Notes (i) Unless the state of polarization for the incident flux and the polarized component of the transmitted flux are stated, it should be considered that the incident flux is unpolarized and that the total transmitted flux (including all polarization) is evaluated. (ii) Spectral transmittance depends on the beam geometry and the character of the transmitting surfaces and media (and polarization). In addition, luminous transmittance is a function of the spectral distribution of the incident beam. (iii) If no qualifying geometric adjective is used, transmittance for hemispherical collection is meant. (iv) In each case of conical incidence or collection, the solid angle is not restricted to a right circular cone but can be of any cross section, including a rectangle, a ring, or a combination of two or more solid angles. (v) These concepts must be applied with care if the area of the transmitting element is not large compared to its thickness, due to internal transmission across the boundary of the area. (vi) For all of the following geometrical quantitites–biconical transmittance, bidirectional transmittance, bihemispherical transmittance, conical-directional transmittance, conical-hemispherical transmittance, directional-conical transmittance, directional-hemispherical transmittance, hemispherical-conical transmittance, and hemispherical-directional transmittance–it is assumed that the radiance (luminance) is isotropic over the specified solid angle of incidence. Otherwise, the property is a function of the directional distribution of incident radiance (luminance) as well as the beam geometry and the character of the transmitting surfaces and/or media. The following breakdown of transmittance quantities is applicable only to the transmittance of thin films with negligible internal scattering, so that the transmitted radiation emerges from a point that is not significantly separated from the point of incidence of the incident ray that produces the transmitted ray(s). The governing considerations are similar to those for application of the bidirectional reflectance distribution function (BRDF), rather than the bidirectional scattering-surface reflectance distribution function (BSSRDF).

transparent
† having the property of transmitting rays of light through its substance so that bodies situated beyond or behind can be distinctly seen (opposed to opaque and usually distinguished from translucent).

transverse roadway line
(TRL) any line across a roadway that is perpendicular to the curb line.

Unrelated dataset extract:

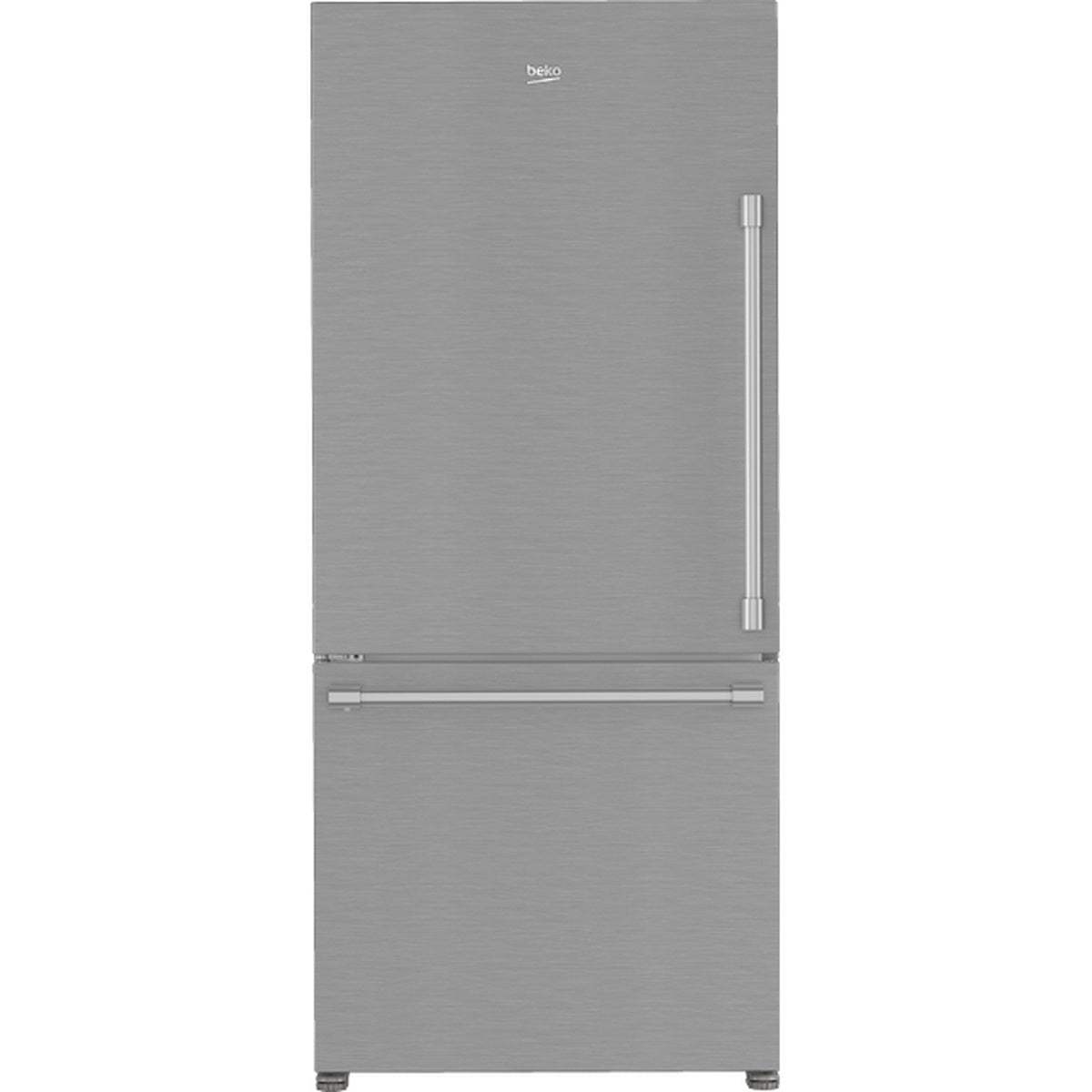 Front view of stainless steel Beko bottom-freezer refrigerator with long vertical handle

tristimulus values of a light, X, Y, Z
the amounts of each of three specific primaries required to match the color of the light.

troffer
a long recessed lighting unit usually installed with the opening flush with the ceiling. The term is derived from “trough” and “coffer”

troland
a unit of retinal illuminance that is defined as the product of object luminance (candela per square meter) and pupillary aperture area (square millimeters), that is, one troland is the retinal illuminance produced when the luminance of the distal stimulus is 1 cd/m2 and the area of the pupil is 1 mm2. The troland can be photopic or scotopic.
Note The troland makes no allowance for interocular attenuation or for the Stiles-Crawford effect.

tube
† See lamp.

tungsten-halogen lamp
a gas-filled tungsten filament incandescent lamp containing a certain proportion of halogens in an inert gas whose pressure exceeds 3 atm.
Note The tungsten-iodine lamp (U.K.) and quartz iodine lamp (U.S.) belong to this category. Obsolete U.S. term.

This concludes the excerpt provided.